My fingertips graze the water causing pain to shoot through my entire body. That brief touch is excruciating. I feel like every single bone in my hand has broken over and over again, never stopping the cycle.
 

Clutching my hand to my chest, I lay back on the rocks letting heavy tears roll down my face. The pain hurts so bad that I can't even feel it. I cry for a second more before I realize that Ari must be feeling this pain as he lay in the water. I muster up as much strength as I can and reach for him again, taking him by the neck.

I drag him until he's completely out of the water. I fall back from exhaustion, his limp body landing on top of mine. I want to get us as far away from the water as possible.
 

I crab crawl back with Ari in my arms towards the wall, wanting to lean against it as a crutch. There's a small cave like nook that looks like a good place to stay until Ari comes to, so I move us there. It's dark but I can see Ari clearly—his face blank, yet oddly peaceful.
 

I lay Ari's head on my lap and start stroking his hair soothingly I don't know how he's feeling and I don't know how to make this better, but I want to help. I rub his head and play with his hair, hoping he feels comforted. I lean down to listen for breathing and thank God, he is.
 

"Don't leave me now. I need you." I admit to him, burying my face in his damp chest. I cry into him and although he isn't awake, just having the warmth and comfort of his body makes me feel better. I'm not sure how long we lay there, Ari passed out and me crying into his chest.

Ari's chest moves as a long breath comes out and I pop my head up, staring down at his face. I want him to wake up so badly that I fear it may just be my imagination playing tricks. A small smile spreads across his face signaling that he's coherent. His eyes stay closed but his arms cling onto me tight like safety. Finally his beautiful eyes open and they stare straight into me with admiration.
 

I can't help the joy I feel when he finally wakes up. I grab him, hugging him tight, never wanting to be scared like that again. He makes a gurgling sound and I realize that I'm hugging him too hard. I losen up a little bit and then question him.
 

"What happened back there?" I ask, my voice betraying me by shrieking.
 

"I had to save you." He whispers.
 

"You sacrificed yourself for me?" I ask, not understanding why he would do that.
 

"Always, Eury." He states giving me a duh expression, like I should already know that. I blush at his admission.

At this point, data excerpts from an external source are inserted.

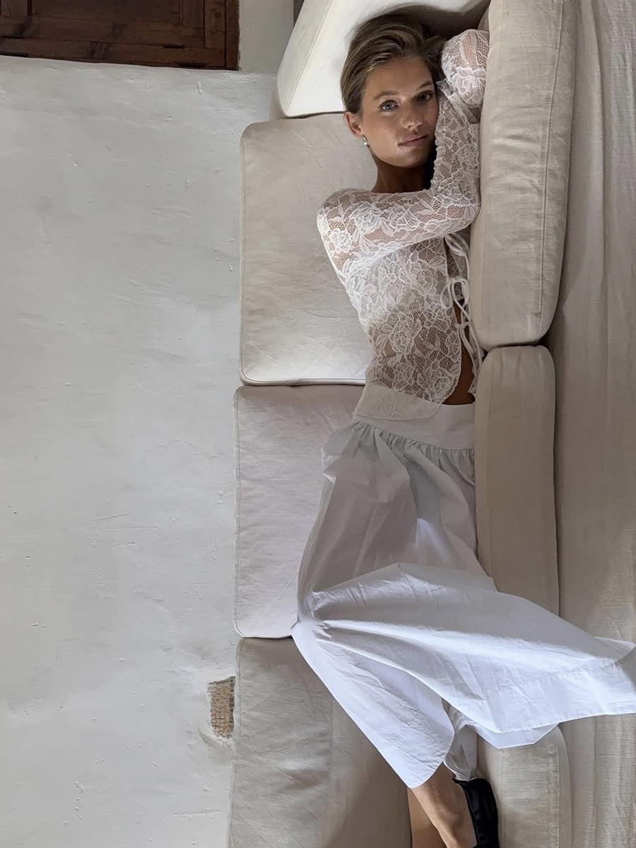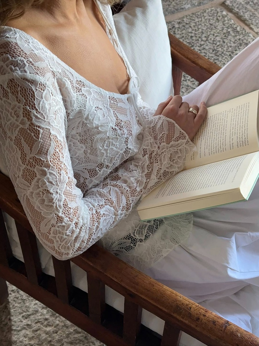 여성을위한 틈새 디자인 중공 흰색 긴팔 레이스 셔츠 여름 새로운 슬림 피트 니트 레이스 탑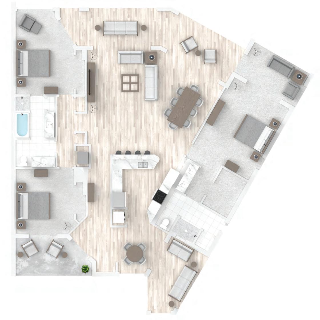 Dimensions are approximate and floorplans vary. Floorplans are artist's renderings only and are shown with glass-enclosed lanais. Some residences have screened lanais. Furniture is for illustrative purposes only. A B C A-75 LIVING/DINING 13′-7″ x 24′-8″
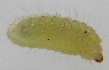 (参考) 脱皮直後の幼虫(2齢、2.2mm) 2010年5月8日朝撮影 静岡市駿河区 飼育 兵庫県豊岡市 産 個体2:サツキの葉のみを食べている個体1よりは成長がずっと早いです。 トップページへ |

"Thank you." I say, not knowing how else to show him how much he matters.

"You can repay me by never letting me swim in that damn river again. Shit hurt." He jokes, returning back to his old self. I smile down at him, touching the side of his face as I run my hands through his thick hair.
 

"I touched the water when I was saving you and it killed. I can't imagine what you felt. I'm so sorry." I apologize, guilty that I took so long to save him.

"You think we can just rest for a little. My body's still hurting." He says, grasping for words.
 

"Of course. I'll keep you safe now." I claim as he closes his eyes. He curls up on his side, tucking his head into my stomach while he wraps both arms around my body.
 

I must have drifted off to sleep because I wake up with a start, jumping when I realize where I am. I push Ari aside wanting to progress in our mission. I make sure he is comfortable and then get up noticing the change in weather. I'm not sure how long we were asleep but the area is now really hot—my hair matted down with sweat.

Ari wakes up behind me, with a panicked look on his face. His head swivels, taking in his surroundings until he spots me and relaxes. He walks over to me and places both of his hands on my face, staring at me to make sure that I'm okay.
 

"What's the matter?" He asks. I get the feeling of de ja vu when I know this is that dream I had a couple nights ago! The cave, the worry—oh my god, the kiss.